TASK REQUIREMENTS :: Restate the following data in its entirety, word for word and without images.

COLLECTED DATA ::

────────────────────────────────────────

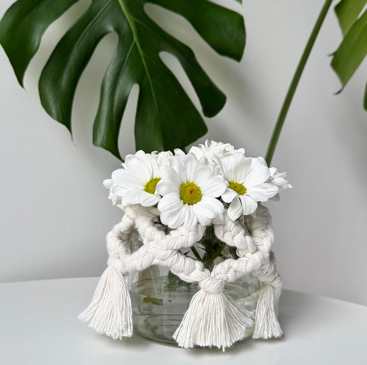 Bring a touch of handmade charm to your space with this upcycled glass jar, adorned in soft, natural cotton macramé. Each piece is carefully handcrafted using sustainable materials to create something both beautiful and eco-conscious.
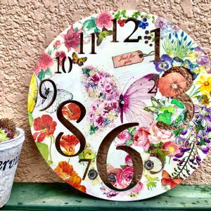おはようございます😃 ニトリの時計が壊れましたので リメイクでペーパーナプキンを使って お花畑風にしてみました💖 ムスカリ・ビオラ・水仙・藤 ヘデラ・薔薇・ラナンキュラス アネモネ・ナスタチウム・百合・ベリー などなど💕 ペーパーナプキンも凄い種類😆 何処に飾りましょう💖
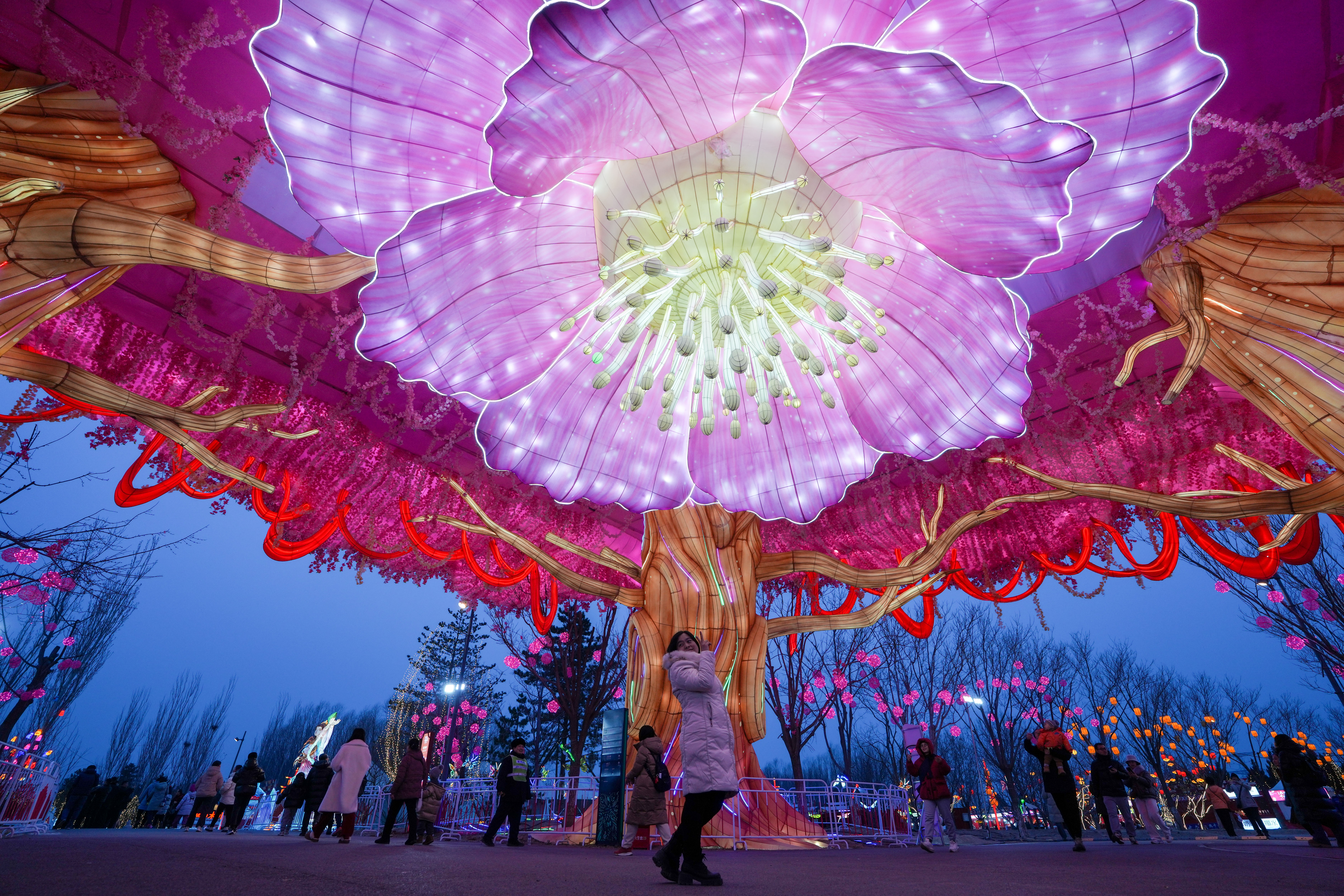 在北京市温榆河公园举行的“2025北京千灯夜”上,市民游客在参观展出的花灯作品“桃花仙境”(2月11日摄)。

────────────────────────────────────────

ANSWER BELOW ::
 Bring a touch of handmade charm to your space with this upcycled glass jar, adorned in soft, natural cotton macramé. Each piece is carefully handcrafted using sustainable materials to create something both beautiful and eco-conscious.
おはようございます😃 ニトリの時計が壊れましたので リメイクでペーパーナプキンを使って お花畑風にしてみました💖 ムスカリ・ビオラ・水仙・藤 ヘデラ・薔薇・ラナンキュラス アネモネ・ナスタチウム・百合・ベリー などなど💕 ペーパーナプキンも凄い種類😆 何処に飾りましょう💖
 在北京市温榆河公园举行的“2025北京千灯夜”上,市民游客在参观展出的花灯作品“桃花仙境”(2月11日摄)。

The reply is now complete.